Watch My Words

Posted by Guest Blogger on June 9, 2017 in Community, Faith, Love

Written by Guest Blogger, Jill King

Remember our parents saying “If you don’t have anything nice to say, don’t say it at all” throughout our childhood? Or my personal favorite, “Make good choices!” At the time I’m certain I rolled my eyes so far back in my head. I was the third child and such actions set forth by the two older than me made my parents completely un-phased by my attempts to show opposition. But the good news is these concepts were taught early on and often enough that they stuck with me into my adulthood.

I embarked on the journey of single parenthood a few years ago. A place I never thought I would be. As I contemplated – and continue to contemplate every single day – how best to provide for the most important person in my life, I picked up the book Simplicity Parenting on the advice of a couple friends.

There are a number of things that hit home with me in this book. And as we focus this week on watching our words, I’m reminded of the simple concept this book offers up of stopping and analyzing before we speak.

First, pause.

Then ask yourself: is what I’m about to say…

1) true,

2) kind, and

3) necessary?

If it doesn’t pass these three filters, it doesn’t really need to come out of our mouths; especially when interacting with the young minds we’re molding.

When we say less our words mean more, we convey confidence and competence.

Revive Our Hearts perfectly outlined God’s commitment to teaching us when it’s wise to hold our tongues. After reading each point, I found myself exclaiming “Amen!” and “Preach!” with both hands in the air. Of the top ten, my favorite is:

Hold your tongue when you don’t have anything to say that gives grace.

“Don’t use foul or abusive language. Let everything you say be good and helpful, so that your words will be an encouragement to those who hear them.” (Ephesians 4:29 NLT)

I had my dad to demonstrate true grace to me growing up. He’s a calm, cool, reserved individual and a man of few words. When he does say something it holds true meaning and everyone knows to stop and listen. He is my hero and I credit him most for the person and parent I aim to be. He raised four girls – that’s right, FOUR – and survived our teenage years with this same collective demeanor intact.

In our family’s eyes he is an absolute saint. And I thank my dad – my hero, my idol, my friend – every day for showing me a gentle posture, and I hope someday my kid will say the same about me.

I read Arlene Pellicane’s post on Proverbs 31 Don’t Underestimate the Power of the Tongue, and her daughter’s sweet little words brought tears to my eyes when she said:

“Mommy, I appreciate how you say nice things to me. I appreciate that you help me love God and to do the right thing.”

That’s what I want to hear my child say! I want to hear and witness him using his words for good.

Each day I drop him off at school, I say “Choose love today, buddy. Be kind always. Smile at someone you don’t know.” (It’s my 2017 version of the phrase “Make good choices!”) To which he once replied “I smile at everyone, mom!”

That’s a parent win right there. We’re off to a good start.

How do you encourage the young ones in your life to use their words for good? Please join the conversation and share what you think!
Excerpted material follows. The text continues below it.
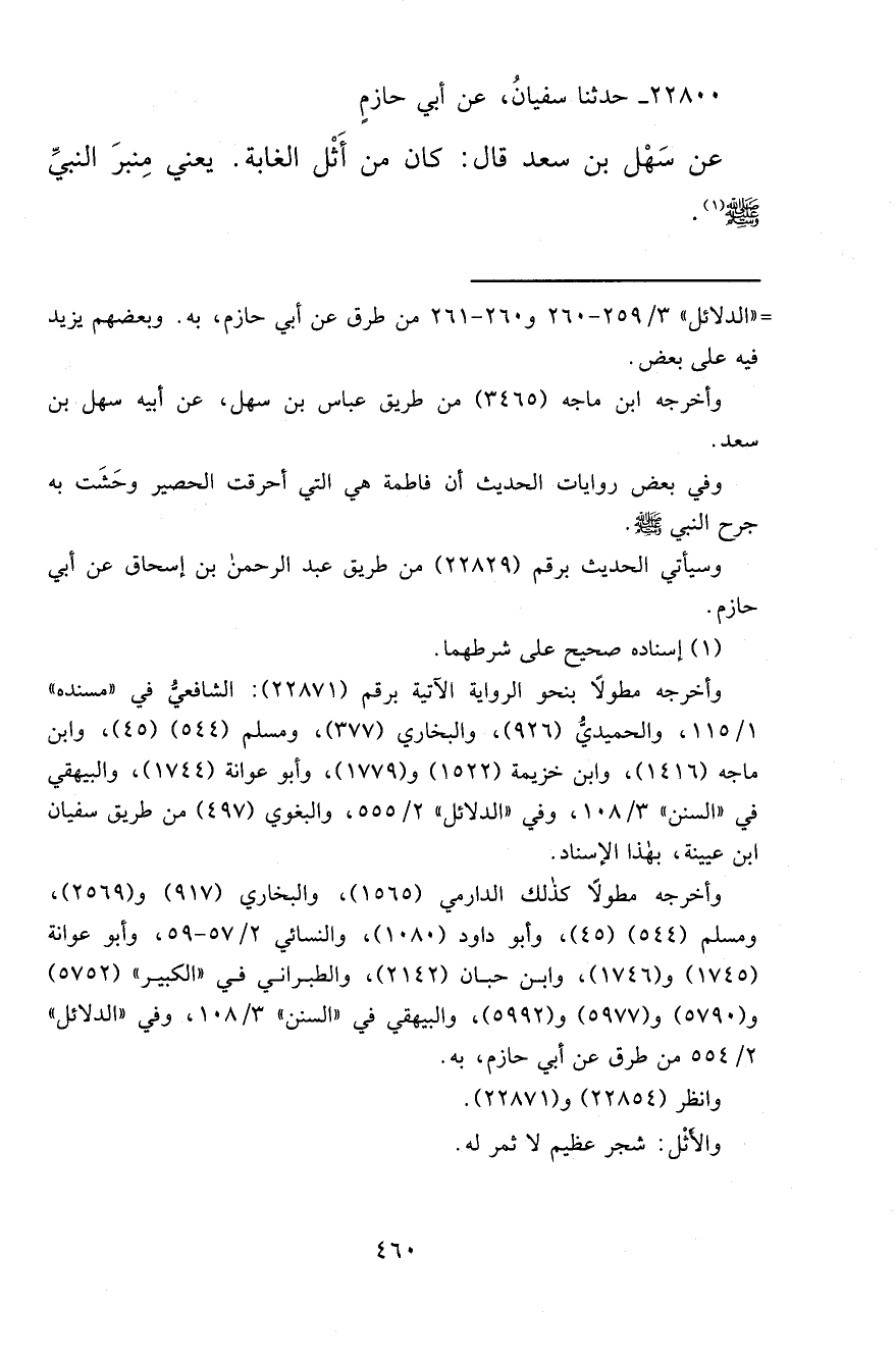 ٢٢٨٠٠ - حَدَّثَنَا سُفْيَانُ، عَنْ أَبِي حَازِمٍ، عَنْ سَهْلِ بْنِ سَعْدٍ قَالَ: " كَانَ مِنْ أَثْلِ الْغَابَةِ " يَعْنِي: مِنْبَرَ النَّبِيِّ صَلَّى اللهُ عَلَيْهِ وَسَلَّمَ (١)

Kind words do not cost much. Yet they accomplish much.
– Blaise Pascal

– Jill King

Jill King

Jill joined the Joy Of It team a couple years ago managing many digital aspects of the organization. She’s a kind heart and quick wit and enjoys the simple pleasures of life…like a good cup of coffee and an invigorating run along the beach. Mostly coffee. Her greatest joy and inspiration is being mom to her 7-year old son. He’s what gets her up every morning – literally and figuratively. 

4 comments... (add a comment)

  1. Julie

    Jill! Love this and love you! So happy your are on our team! You always speak with grace!

  2. Joy

    Thanks for sharing! Our words can literally change the course of our relationships. The Ephesians 4 passage spoke to my soul!

  3. Tom Bailey

    As a father of four and Jill’s dad, I must confess I am still working on the Ephesians part about foul language–especially when things go awry in my shop. Jill’s comments touched me sweetly. Our ordinary, daily interactions​ with our children have more significance than we actually realize. And, if we listen to them, they can teach us so much from their unfiltered view the world. I learned this lesson when reading a story to my wife when we were young parents. The story was about a little boy sitting in his mother’s kitchen while she prepared their meal. “Honey, who are you talking to,” she asked. “I’m talking to Grandpa,” he replied. This is particularly relevant since the grandparent had recently died. “But sweetie, Grandpa died and he cannot talk to you.” “But Momma, he is talking–you are just not listening….” Kind words and thoughtful ears. One of many important lessons on our journey through this life. Thank you for listening to your son, Jill.